KEPAHIANG — Rencana Pemerintah Kabupaten Kepahiang untuk menata kembali lahan eks Hak Guna Usaha (HGU) PT Trisula Ulung Mega Surya (TUMS) seluas 116 hektare menemui jalan buntu. Perusahaan tersebut masih beroperasi meskipun masa berlaku HGU-nya sudah berakhir sejak 21 Mei 2021.
Bupati Kepahiang, H. Zurdi Nata, mengungkapkan kekesalannya atas situasi ini. Ia tidak hanya menyoroti masa berlaku HGU yang telah kedaluwarsa, tetapi juga indikasi pelanggaran serius terkait legalitas operasional perusahaan.
Izin Perkebunan, Aktivitas Pabrik Teh Oolong
Hasil penelusuran langsung ke Kementerian Investasi menunjukkan adanya kejanggalan. Menurut Bupati, izin yang dimiliki PT TUMS adalah izin perkebunan, sementara di lapangan perusahaan justru mengoperasikan pabrik pengolahan teh oolong.
“Saya cek langsung di kementerian, izin PT TUM itu izin perkebunan. Sementara mereka memiliki pabrik. Itu saja menurut saya sudah menyalahi aturan,” tegas Zurdi Nata.
Keberadaan pabrik tersebut, kata Bupati, semestinya didukung oleh perizinan yang sesuai dan komprehensif, bukan sekadar izin perkebunan.
Status Tanah Kembali ke Negara
Kepala Kantor BPN/ATR Kepahiang, Nova Maroya, menjelaskan bahwa berdasarkan PP Nomor 18 Tahun 2021 Pasal 32, lahan yang masa HGU-nya berakhir secara otomatis kembali menjadi tanah negara. Keputusan penataan kembali lahan tersebut ditetapkan melalui SK Menteri ATR/BPN.
“Ayat 2 menyebutkan, ketika HGU habis dan menjadi tanah negara, maka akan ditindaklanjuti melalui penataan kembali. Keputusannya ditetapkan melalui SK Menteri ATR/BPN,” papar Nova.

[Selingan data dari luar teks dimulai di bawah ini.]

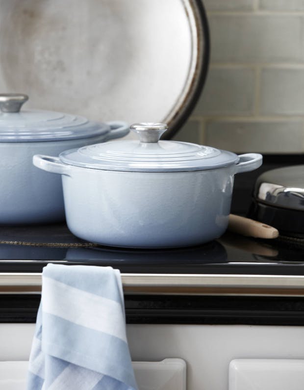 Slip let-belægninger Grundmaterialet for gryder og pander med slip let-belægning er som regel aluminium, derfor har de samme gode varmefordeling som andre aluminiumsgryder og -pander. Fordelene ved kogegrej med slip let er åbenlyse: Rengøringen går nemt med almindeligt håndopvaskemiddel, og maden hænger ikke så let i. Belægningen kan enten være plast, fx teflon, eller titanoxid. Titanbelægningen er den mest slidstærke. Den tåler, at man bruger metalredskaber – det gør teflon ikke. Men selv om teflon skaller af, kan kogegrejet godt bruges alligevel – hverken belægning eller aluminium er giftig. Støbejern Er meget tungt og fordeler varmen ret ujævnt. Til gengæld er det holdbart og velegnet til stegning og gryderetter, fordi det holder godt på varmen. Støbejern kan misfarve maden, især lyse retter. Det er ikke farligt, men ser uappetitligt ud. Ubehandlet støbejern kan ruste, men man kan beskytte gryder mod rust ved at smøre dem ind i olie og undlade at lægge låg på efter rengøring, før gryden er helt tør i bunden. Støbejernsgryder og -pander kan ikke tåle at komme i opvaskemaskinen – vask dem i stedet af i varmt vand uden sæbe, da sæbe udtørrer støbejernet. Vil du absolut bruge opvaskemiddel, skal du smøre gryden ind i lidt madolie bagefter. Emaljeret støbejern Er ikke så solidt som støbejern. Stød, slag, temperaturchok, sure madvarer og skurepulver ødelægger emaljen. Til gengæld misfarver det ikke maden. Kobber Er en fortrinlig varmeleder. Det leder varmen seks gange så godt som jern og er derfor særdeles velegnet til gryder og pander. Kobbergryder og -pander er også meget smukke og dyre. Kobber er giftigt, derfor er kogegrej af kobber belagt med et andet metal indvendigt, typisk stål, sølv eller tin. Bliver belægningen ødelagt, må gryden eller panden kasseres, eller belægningen fornys. Kobbergryder kan pudses udvendigt med 40 g citronsyre opløst i 1 l vand. Nemme gryderetter kan sagtens være god gæstemad – snup vores bedste opskrift her!

Keterbatasan Kewenangan BPN
Meski lahan kini berstatus tanah negara, Nova mengakui pihaknya memiliki keterbatasan kewenangan untuk menindak operasional perusahaan yang masih berjalan di atas lahan tersebut.
Hingga berita ini diturunkan, belum ada langkah tegas dari instansi terkait untuk menghentikan aktivitas PT TUMS. Akibatnya, nasib penataan kembali lahan eks HGU seluas 116 hektare oleh Pemkab Kepahiang masih menggantung.